La Bruyère s'était vite dégoûté du métier de prédicateur et nous en a dit les raisons (2). D'abord l'éloquence de la chaire est l'œuvre de la grâce divine. La sainteté du prédicateur en fait la plus grande partie. « Pour ce qui y entre d'humain et du talent de l'orateur, c'est chose cachée, connue de peu de personnes et d'une difficile exécution: quel art en ce genre pour plaire en persuadant! Il faut marcher par des chemins battus, dire ce qui a été dit, et ce que l'on prévoit que vous allez dire.
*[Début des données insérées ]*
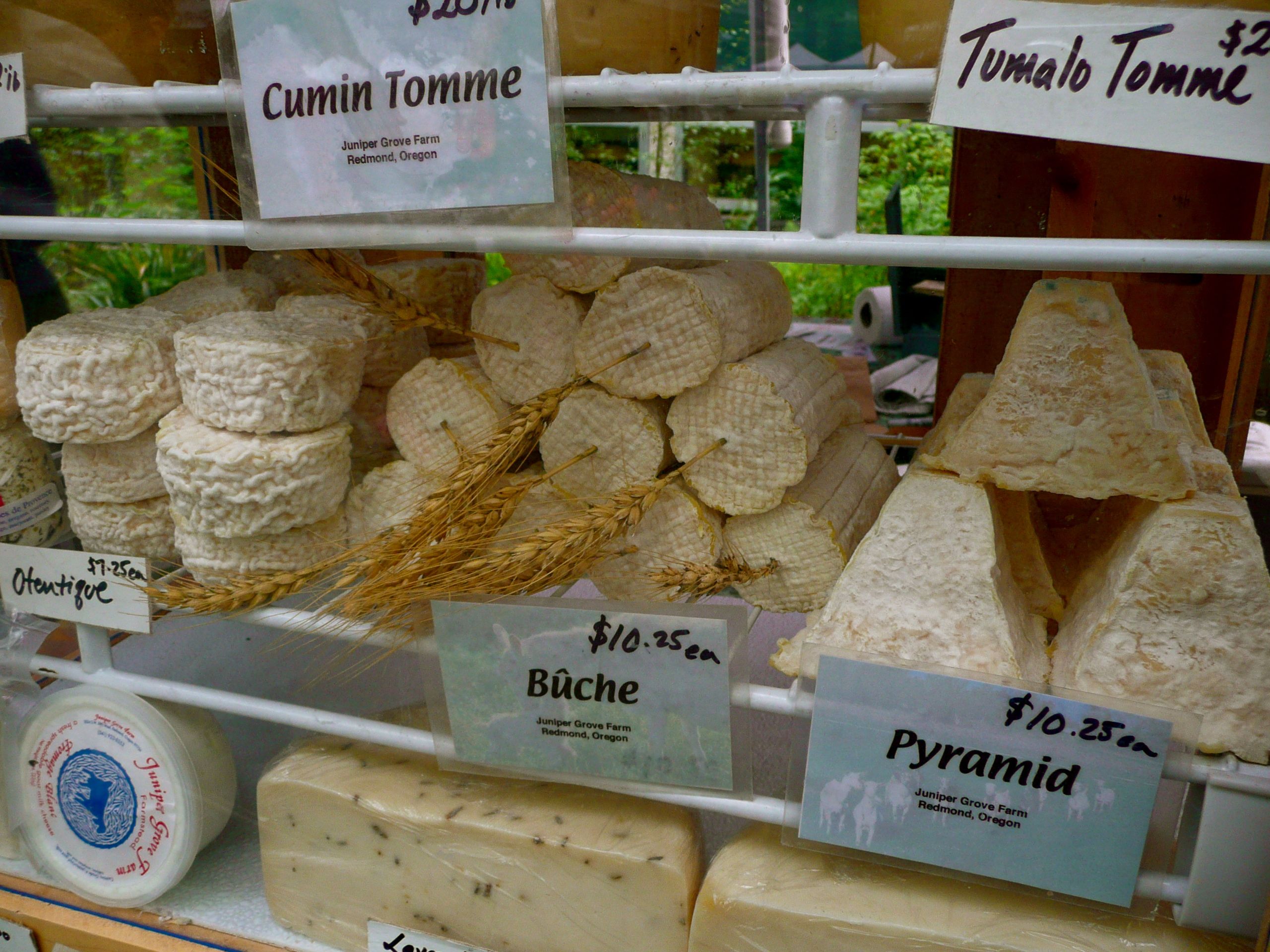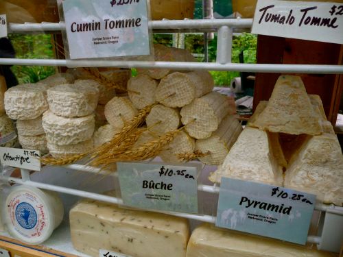 Not all cheese at markets has to be cut. The picture above is for one of my favorite cheese makers, in Oregon (that one with a stalk of wheat sticking through it is basically Debs-crack). But a lot of the less-expensive cheeses are sold by the weight. If you only want to buy a little bit of cheese, or can only afford a little, or want some of a hard cheese but don’t want, say, your own ten-pound wheel of cheddar, you need it cut. And it should be cut to order, so it stays fresh and so the customer can choose the amount.

Les matières sont grandes, mais usées et triviales; les principes sûrs, mais dont les auditeurs pénètrent les conclusions d'une seule vue. Il y entre des sujets qui sont sublimes; mais qui peut traiter le sublime? Il y a des mystères que l'on doit expliquer, et qui s'expliquent mieux par une leçon de l'école que par un discours oratoire. La morale même de la chaire, qui comprend une matière aussi vaste et aussi diversifiée que le sont les mœurs des hommes, roule sur les mêmes pivots, retrace les mêmes images, et se prescrit des bornes bien plus étroites que la satire (3); après l'invective commune contre les honneurs, les richesses et le plaisir, il ne reste plus à l'orateur qu'à courir à la fin de son discours et à congédier l'assemblée. Si quelquefois on pleure, si on est ému, après avoir fait attention au génie et au caractère de ceux qui font pleurer, peut-être conviendrat-on que c'est la matière qui se prêche elle-même, et notre intérêt le plus capital qui se fait sentir; que c'est moins une véritable éloquence que la ferme poitrine du missionnaire qui nous ébranle et qui cause en nous ces mouvements. Enfin le prédicateur n'est point soutenu, comme l'avocat, par des faits toujours nouveaux, par de différents événements, par des aventures inouïes; il ne s'exerce point sur les questions douteuses, il ne fait point valoir les violentes conjectures et

(1) Chap. XV, no 1.

(2) Chap. XV, no 24 et no 26.

(3) Les neuf premières satires de Boileau.